*** DATA Section Begins ***

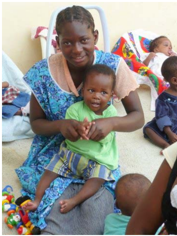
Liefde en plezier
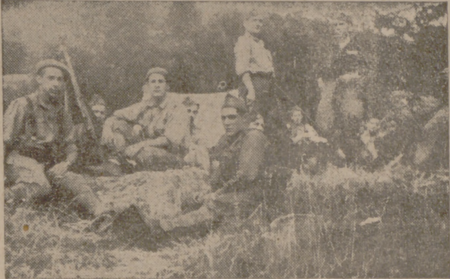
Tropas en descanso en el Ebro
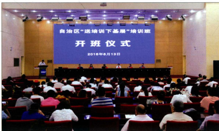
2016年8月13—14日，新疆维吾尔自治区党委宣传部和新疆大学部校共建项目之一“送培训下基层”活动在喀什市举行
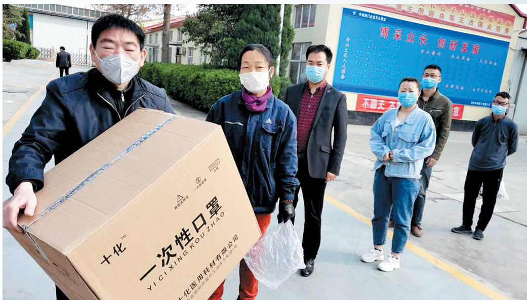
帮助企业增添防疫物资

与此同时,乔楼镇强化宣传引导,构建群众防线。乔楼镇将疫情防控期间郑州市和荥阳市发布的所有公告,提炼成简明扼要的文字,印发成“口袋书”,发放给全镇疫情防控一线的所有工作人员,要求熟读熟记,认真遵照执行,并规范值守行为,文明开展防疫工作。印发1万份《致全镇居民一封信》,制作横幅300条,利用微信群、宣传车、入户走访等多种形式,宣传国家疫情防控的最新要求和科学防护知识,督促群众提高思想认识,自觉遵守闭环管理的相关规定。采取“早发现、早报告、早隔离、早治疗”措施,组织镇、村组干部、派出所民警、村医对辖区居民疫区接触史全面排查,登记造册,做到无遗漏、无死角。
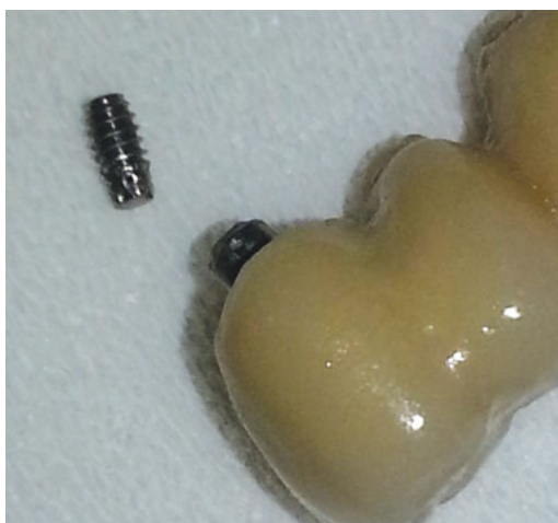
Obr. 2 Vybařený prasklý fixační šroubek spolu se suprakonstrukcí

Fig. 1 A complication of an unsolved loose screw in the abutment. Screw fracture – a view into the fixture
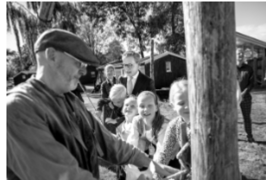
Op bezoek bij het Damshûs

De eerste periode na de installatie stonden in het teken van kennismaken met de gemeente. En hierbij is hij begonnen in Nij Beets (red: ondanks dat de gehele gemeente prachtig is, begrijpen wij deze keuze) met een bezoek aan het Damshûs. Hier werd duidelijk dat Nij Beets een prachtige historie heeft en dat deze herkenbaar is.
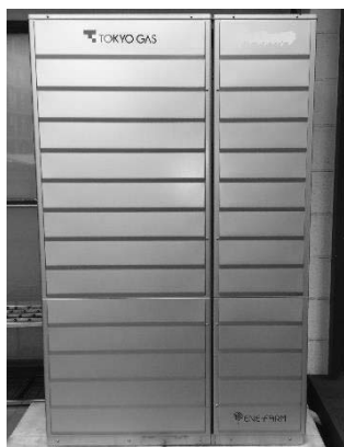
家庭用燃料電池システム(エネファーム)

*** DATA Section Ends ***

-- WORK ITEM --
Repeat the records in full, precisely, and keep the pictures out.

-- ANSWER SPACE --
Liefde en plezier
Tropas en descanso en el Ebro
2016年8月13—14日，新疆维吾尔自治区党委宣传部和新疆大学部校共建项目之一“送培训下基层”活动在喀什市举行
帮助企业增添防疫物资

与此同时,乔楼镇强化宣传引导,构建群众防线。乔楼镇将疫情防控期间郑州市和荥阳市发布的所有公告,提炼成简明扼要的文字,印发成“口袋书”,发放给全镇疫情防控一线的所有工作人员,要求熟读熟记,认真遵照执行,并规范值守行为,文明开展防疫工作。印发1万份《致全镇居民一封信》,制作横幅300条,利用微信群、宣传车、入户走访等多种形式,宣传国家疫情防控的最新要求和科学防护知识,督促群众提高思想认识,自觉遵守闭环管理的相关规定。采取“早发现、早报告、早隔离、早治疗”措施,组织镇、村组干部、派出所民警、村医对辖区居民疫区接触史全面排查,登记造册,做到无遗漏、无死角。
Obr. 2 Vybařený prasklý fixační šroubek spolu se suprakonstrukcí

Fig. 1 A complication of an unsolved loose screw in the abutment. Screw fracture – a view into the fixture
Op bezoek bij het Damshûs

De eerste periode na de installatie stonden in het teken van kennismaken met de gemeente. En hierbij is hij begonnen in Nij Beets (red: ondanks dat de gehele gemeente prachtig is, begrijpen wij deze keuze) met een bezoek aan het Damshûs. Hier werd duidelijk dat Nij Beets een prachtige historie heeft en dat deze herkenbaar is.
家庭用燃料電池システム(エネファーム)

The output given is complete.